-¿y si mejor nos ayudan después con el pastel?- intento convencerlos Lucy, ya que como era para su hermano mayor Edmund y ella decidieron hacerlo los dos en lugar de la servidumbre de cair paravel – está bien mama- dijo la pequeña dándose por vencida pero sonriendo para luego salir de la habitación seguida de su primo.

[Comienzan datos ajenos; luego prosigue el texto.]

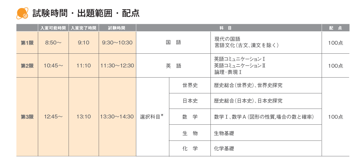 学力優秀者奨学生選考試験 試験日程等 出願期間 2026年1月5日(月)~1月18日(日) 試験日・ 試験会場 2026年1月30日(金) 名古屋キャンパス 結果発表日 2026年2月10日(火) ※専願入試で東海学園大学への入学が決定している方が対象です。 試験時間・出題範囲・配点 ※「選択科目」の受験科目は試験当日選択制です 本学試験会場の開場時間は午前8時30分です。 午前9時10分までに指定された試験室に入室してください。 試験室は、試験当日に指示します。 受験上の注意についての詳細は、学生募集要項2026 P34を参照してください。 学生募集要項2026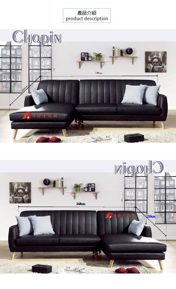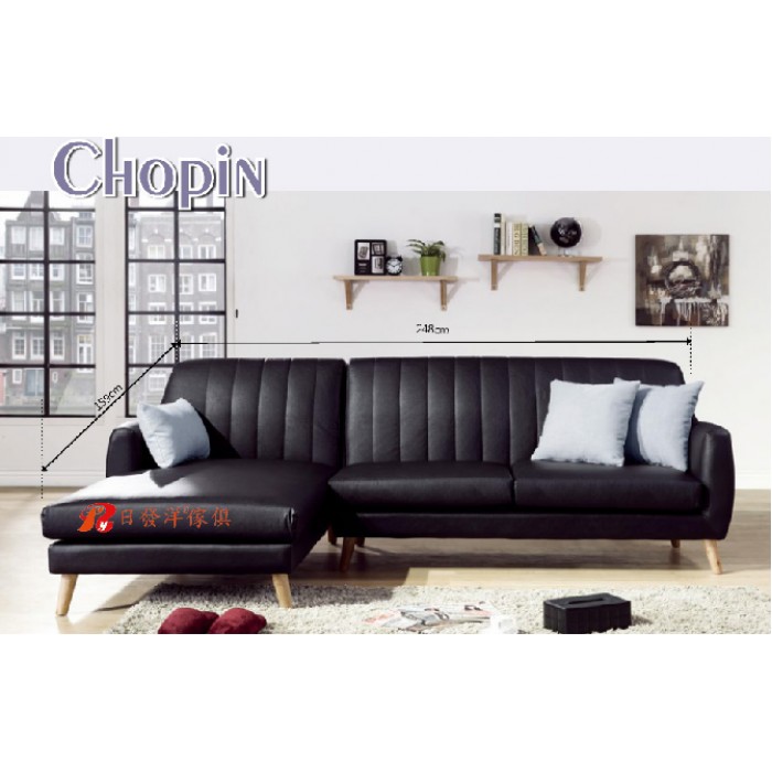 - 品名:W163 布魯克L型黑皮沙發(面左貴妃)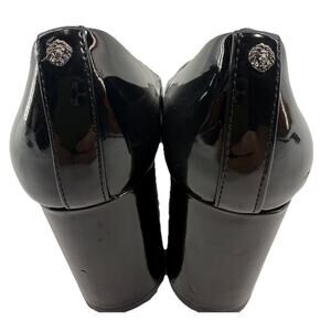 Anne Klein iFlex patent leather heels. Style AK Megan, featuring a comfortable block heel and signature lion-head emblem on the back. Classic black high-shine patent with a peep-toe design.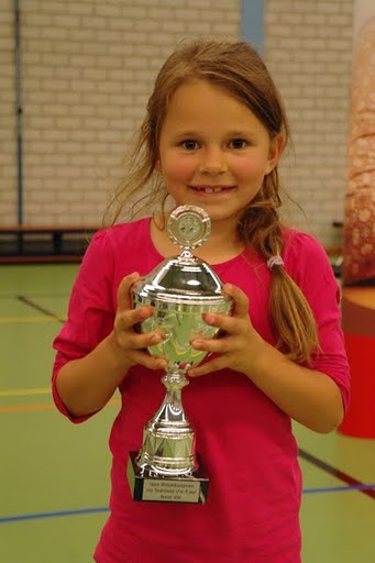 Maria wurde sensationell hollaendische Meisterin!!!!!!! in der U8 (Offiziell: Meisjeskampioen de Nederlande G/H). Der einzige auslaendische Titeltraeger soweit ichs bei der Siegerehrung mitbekommen bzw. verstanden hab. Ihre 6,5 Punkte aus 13 Runden waren aber tatsaechlich sensationell gut. Wenn Lorenz die letzte Runde nicht gewonnen haette waere er auch bei 7 Punkten stehen geblieben und haette dabei auch kein allzu schlechtes Turnier gespielt. Maria hatte ein „echtes Endspiel“ zumindest von der Spannung her, sie hatte 5,5 eine Runde vor Schluss genau wie Eva Zijdemanns (einen Platz vor ihr mit 1,5 Buchholz mehr!!!) in Lauerstellung war noch Eva van Harten mit 4,5 (und wiederum 2,5 Buchholz mehr als Eva Z.). Wobei beide Evas schon in den „Genuss“ des Freiloses gekommen waren und Maria alles gespielt hatte. Maria hatte alle Truempfe in der Hand nachdem beide Evas ihre Spiele relativ schnell (30-45 min) verloren. Maria behielt die Neven und gewann nach knapp 60 min gegen einen guten Gegner!!! Maria musste nach der Siegerehrung ein fast 30 min. interview geben (Ich war als „Dolmetscher“ dabei, zur Not mussten wir eben unser Englisch auspacken): nach dem Motto „Du bist Meisjeskampioen de Nederlande aber Holland kennt dich noch nicht“.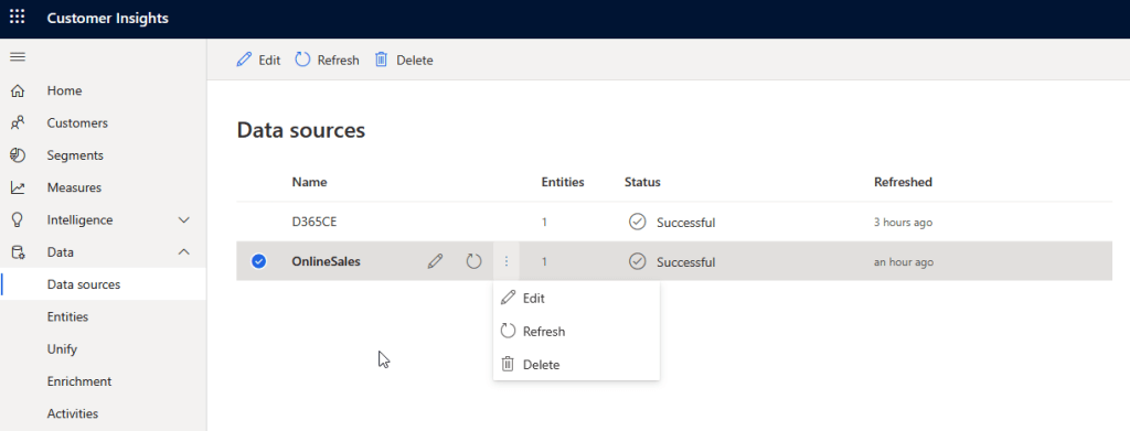 The first step is to create data connections to the sources, Customer Insights uses the Dynamics Power Query Connectors (so you may be familiar with it if you used Power BI).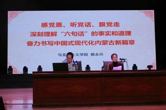 郭永兴老师以“感党恩、听党话、跟党走——深刻理解“六句话”的事实和道理奋力书写中国式现代化内蒙古新篇章”为题,围绕“内蒙古地区是中国共产党最早建立党组织的民族地区”“内蒙古自治区是在中共中央直接领导下建立的”“内蒙古是在党中央的支持下发展起来的”“内蒙古工作中出现的重大偏差都是党中央帮助纠正的”“内蒙古新时代的发展成就是在习近平总书记亲切关怀和指引下取得的”“内蒙古作为模范自治区模范就模范在听党的话上”六个方面进行宣讲,主题鲜明、内容丰富,资料详实,对全体师生深刻领悟习近平总书记对内蒙古的关怀厚爱,领会“六句话”的丰富内涵具有重要指导意义。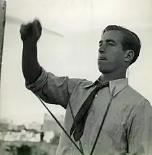 After moving to Helsingborg with his family in 1929, he was stricken with polio and rheumatic fever within two years of moving there.[6] Even after overcoming these afflictions, a train accident at the age of 20 shattered his right knee, leaving him nearly incapacitated and questioning his future.[7] In the aftermath of his surgery, he recalled an ad he had seen in the back pages of the Saturday Evening Post for study at the American Academy of Art in Chicago and resolved to chart a new course by moving to America to pursue his childhood dream of becoming a fine artist.[8]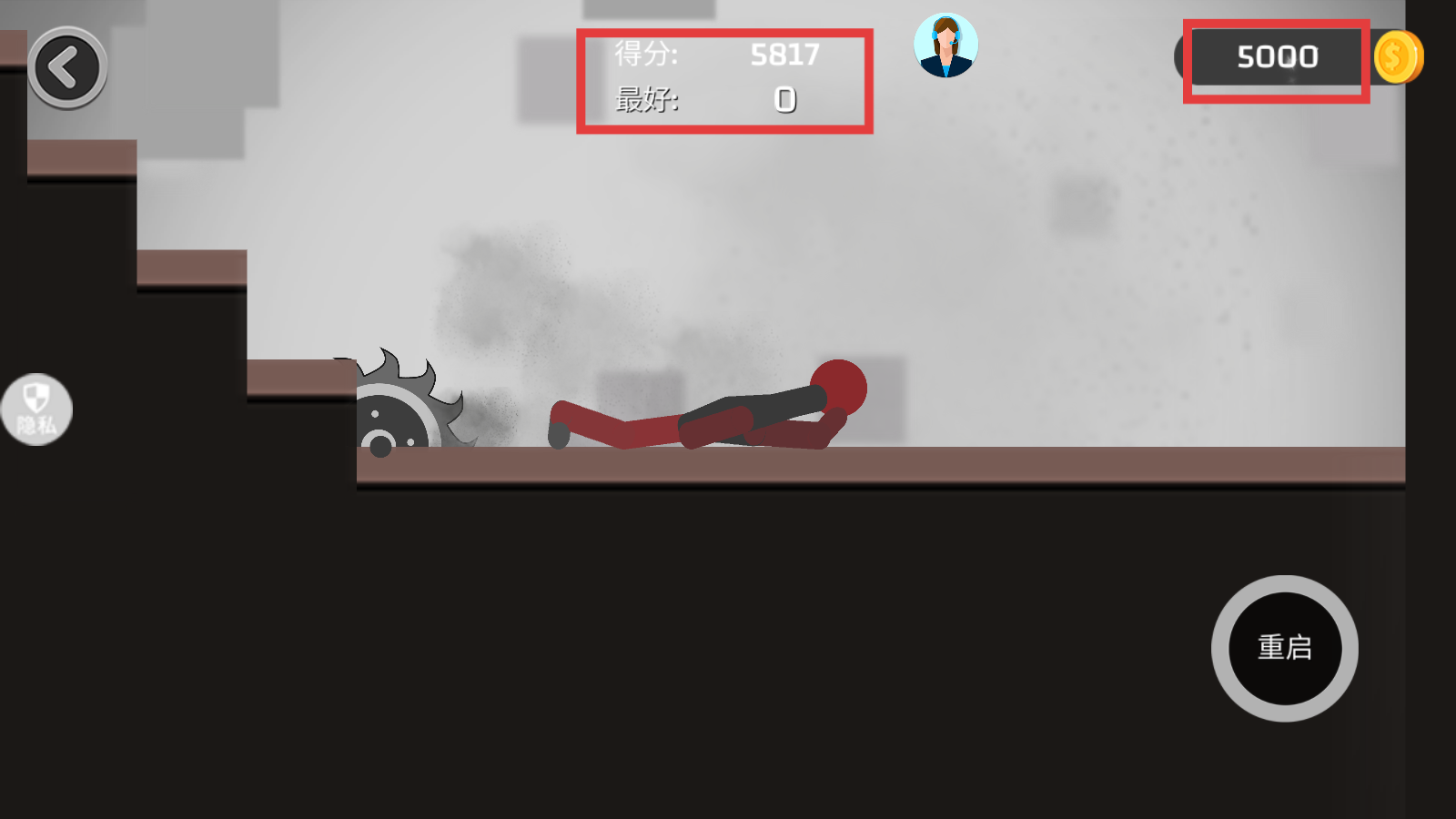 3、操控角色闯过楼梯,躲避齿轮障碍,积累得分(如5817),刷新记录。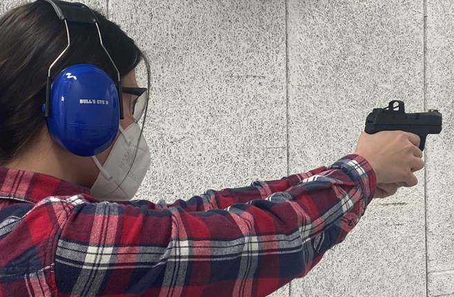NRA Women Assistant Editor Ashley Thess fires the Ruger MAX-9 outfitted with micro red-dot sight.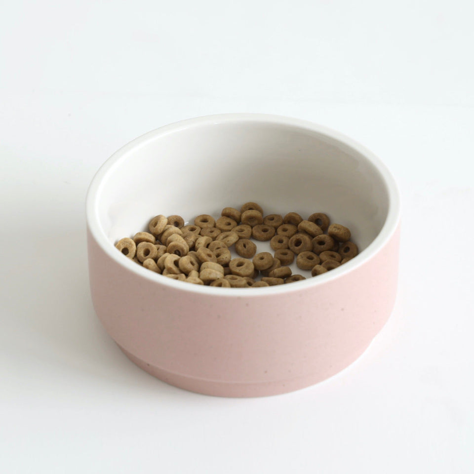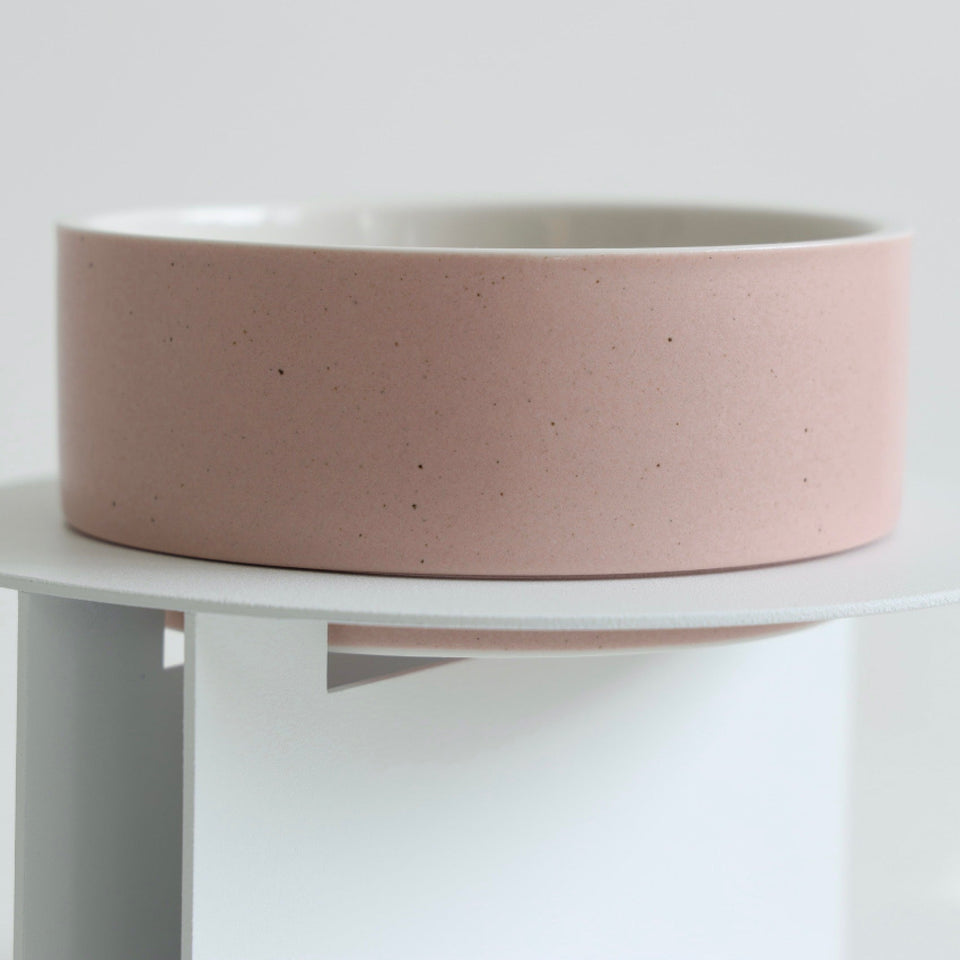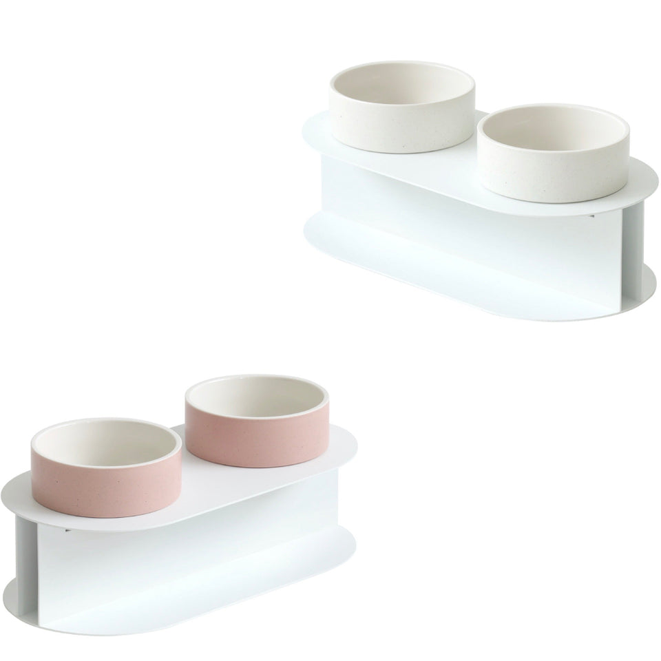 ステンレススチールの土台とセラミックボウルのセットで、セラミックボウルは「ホワイト」と「ピンク」からお選びいただけます!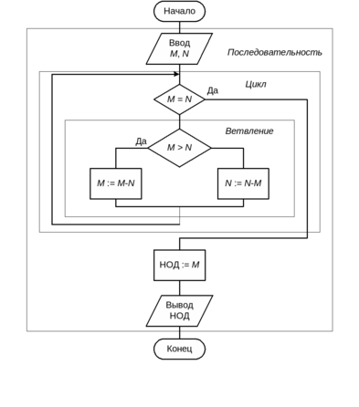 Рис. 9.29. Алгоритм Евклида как композиция базисных структур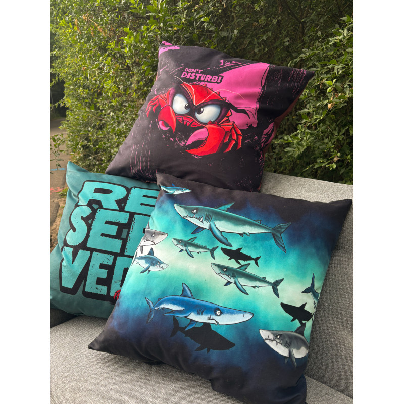 Die neue Kollektion "Salty Pillow" von Thorsten Berger besteht aus drei Samt-Kissenpanels (2x Krabbe, 1x Shark).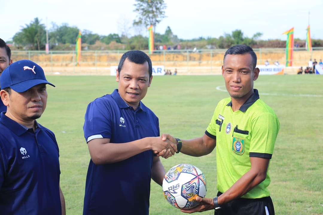 PEKANBARU - Pj Wali Kota Pekanbaru Muflihun SSTP MAP meresmikan lapangan Sepakbola Sport Center Pekanbaru. Giat ini sekaligus membuka Kejuaraan Nasional (Kejurnas) PPLP/Daerah dan SKO Sepak Bola 2023 di Kecamatan Kulim Pekanbaru, Rabu (14/6/2023).
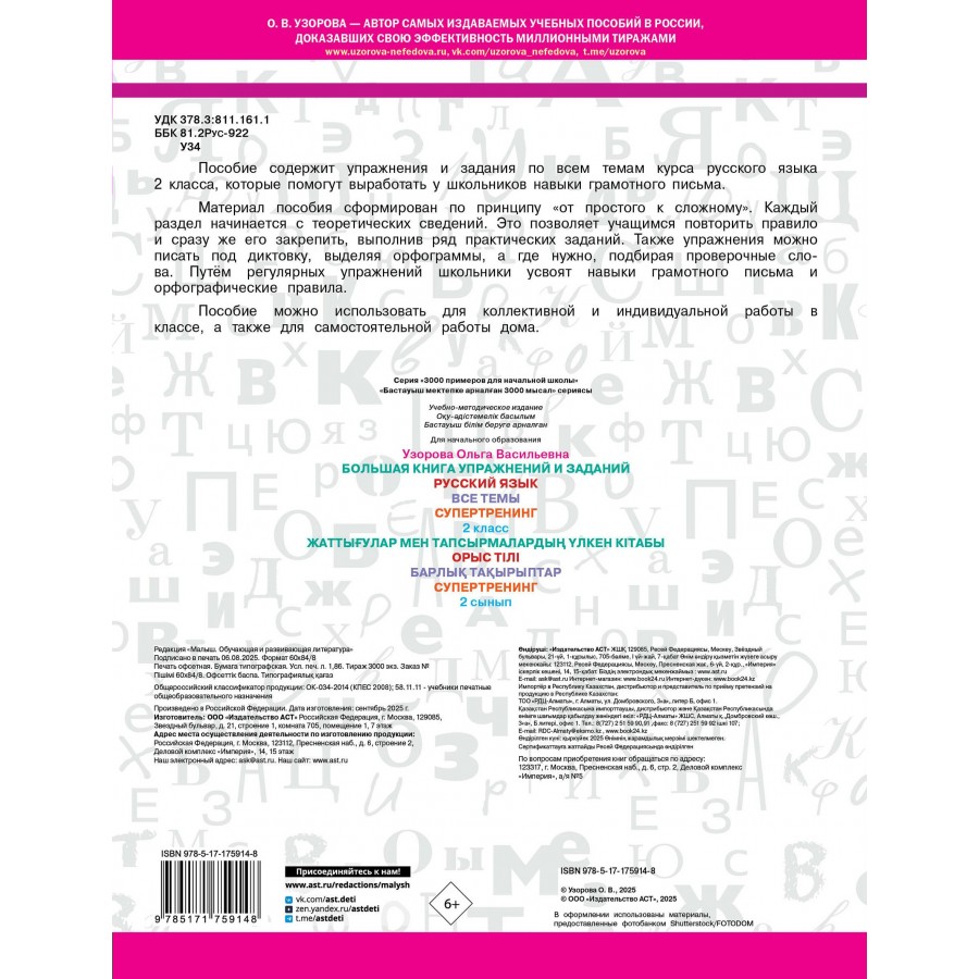 Большая книга упражнений и заданий. Русский язык. Все темы. Супертренинг. 2 класс. 2025. Тренажер. Узорова О.В. АСТ

-¿10 años ya?- pregunto Edmund viendo como su hija y su sobrino salían por la habitación, Peter estaba a punto de cumplir 30 años, 10 años después de que regresaran a Narnia.

-sí, se han ido rápido, eh- le contesto su esposa con una sonrisa, recordando cuando llegaron a Narnia por tercera vez, después de ayudar en la misión de encontrar a los 7 lores junto a su primo Eustace, pudieron convencer a Aslan de dejarlos quedarse, (más bien el rogo por la felicidad de Lucy) unos meses después en el cumpleaños número 15 de Lucy, Edmund entro a su cuarto y fue ahí cuando la pequeña Edith fue engendrada, cuando ella tenía cerca de dos meses de embarazo sus hermanos llegaron inesperadamente a Narnia y con ellos un pequeño niño de cabellos marrones como los de su hermana mayor, ellos les explicaron a Edmund y a ella que sus padres habían muerto hace algunos meses, mientras ellos estaba en casa de su primo.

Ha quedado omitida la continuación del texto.